ClickHouse测试之mergetree中的order by字段是否符合最左原则

时间:2022-10-18 16:23:59浏览次数:58  
标签:Node String pid order test Type mergetree ClickHouse Plans

先简单说一下最左原则

顾名思义:
1、最左优先,以最左边的为起点任何连续的索引都能匹配上。同时遇到范围查询(>,<,between,like)就会停止匹配。

2、例如:b=2如果建立(a,b)顺序的索引,是匹配不到(a,b)索引的;
但如果查询条件是a=1 and b=2或者a=1(又或者是b=2 and b=1)就可以,因为优化器会自动调整a,b的顺序。

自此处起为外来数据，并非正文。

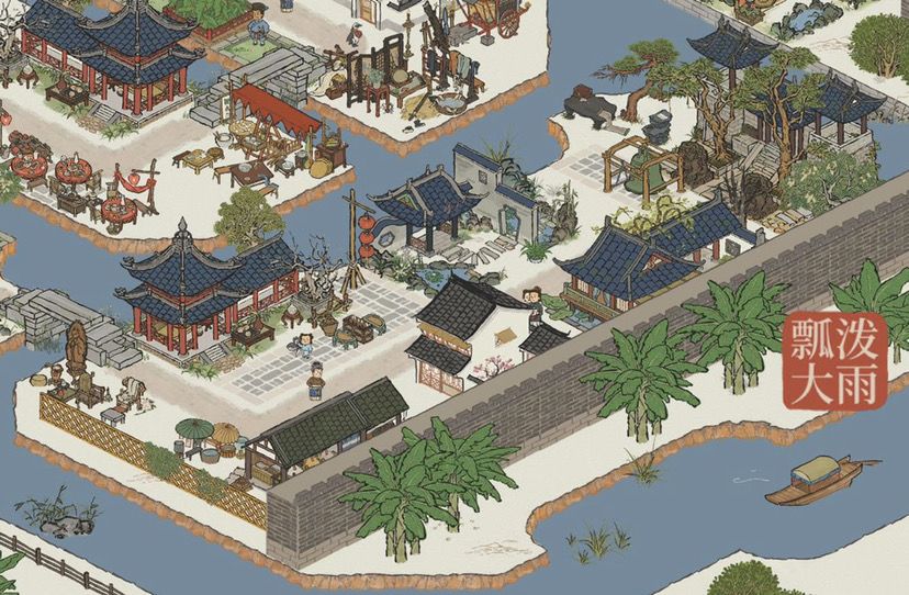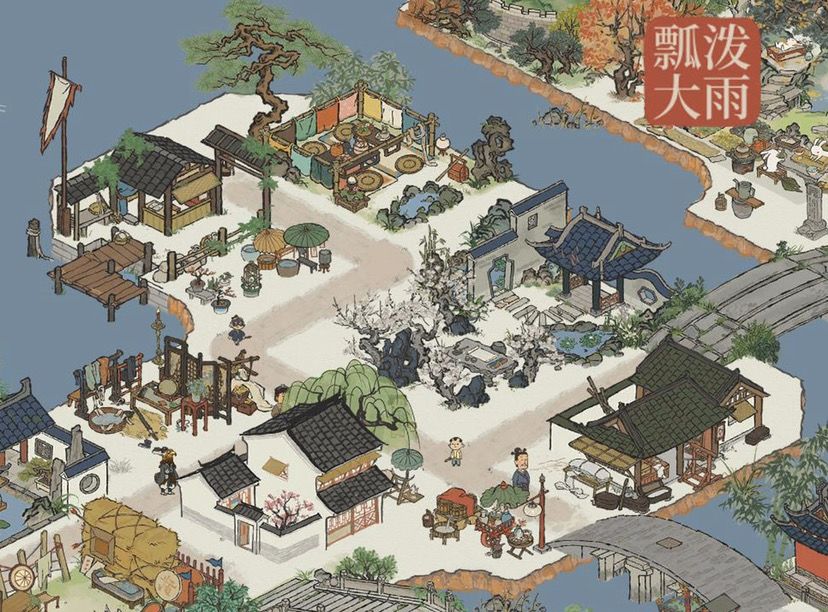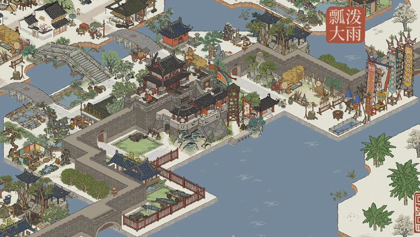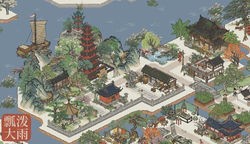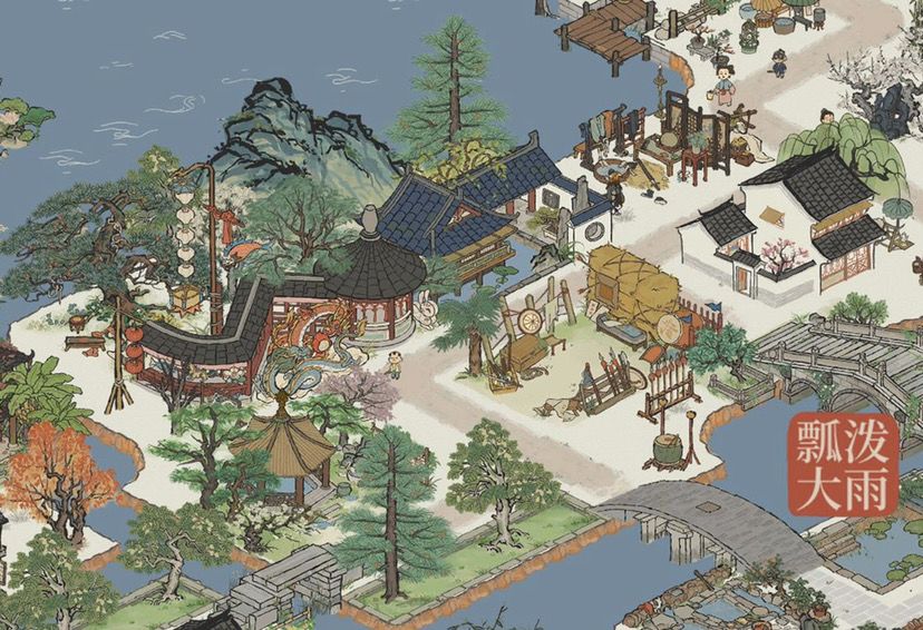 【柳絮泾】&【飞雪泾】本处因板块周正且范围大,摆放宫殿庭阁,辅以高山翠岭,营造宏大威严的景观。

3、再比如a=1 and b=2 and c>3 and d=4 如果建立(a,b,c,d)顺序的索引,d是用不到索引的,因为c字段是一个范围查询,它之后的字段就会停止匹配。

 

测试案例如下:

表名

总行数

原始大小

压缩大小

压缩率

test_event_combine

ORDER BY (pid, logtime)

 

355820549

91.19 GiB

6.83 GiB

7

test_logtime_index

ORDER BY (logtime, pid)

355820549

 91.19 GiB

 6.85 GiB

7

建表语句如下(测试数据约3.5亿条):


 

CREATE TABLE test.test_event_combine
(
`pid` Int32,
`role_uid` Int64,
`group_base` Int32,
`plosgn` Int8,
`pl` String,
`plname` String,
`server_id` Int32,
`os` String,
`uuid` String,
`gn` String,
`state` String,
`ip` String,
`logtime` Int64,
`log_type` String,
`event` String,
`kv` String
)
ENGINE = MergeTree
ORDER BY (pid, logtime)
SETTINGS index_granularity = 8192

 

 

CREATE TABLE test. test_logtime_index
(
`pid` Int32,
`role_uid` Int64,
`group_base` Int32,
`plosgn` Int8,
`pl` String,
`plname` String,
`server_id` Int32,
`os` String,
`uuid` String,
`gn` String,
`state` String,
`ip` String,
`logtime` Int64,
`log_type` String,
`event` String,
`kv` String
)
ENGINE = MergeTree
ORDER BY (logtime,pid)
SETTINGS index_granularity = 8192

查询效率对比:


SELECT count(pid) AS num
FROM test.test_event_combine
WHERE pid in(
6609291
,182776
,7016351
,336626
,121096
,522472
,6997365
,197394
,4979687
,6898037
,2543060
,7011696
,6687321
) ;

SELECT count(pid) AS num
FROM test.test_logtime_index
WHERE pid in(
6609291
,182776
,7016351
,336626
,121096
,522472
,6997365
,197394
,4979687
,6898037
,2543060
,7011696
,6687321
) ;

1 rows in set. Elapsed: 0.014 sec. Processed 425.98 thousand rows, 1.70 MB (30.02 million rows/s., 120.10 MB/s.) 1 rows in set. Elapsed: 0.989 sec. Processed 355.82 million rows, 1.42 GB (359.72 million rows/s., 1.44 GB/s.)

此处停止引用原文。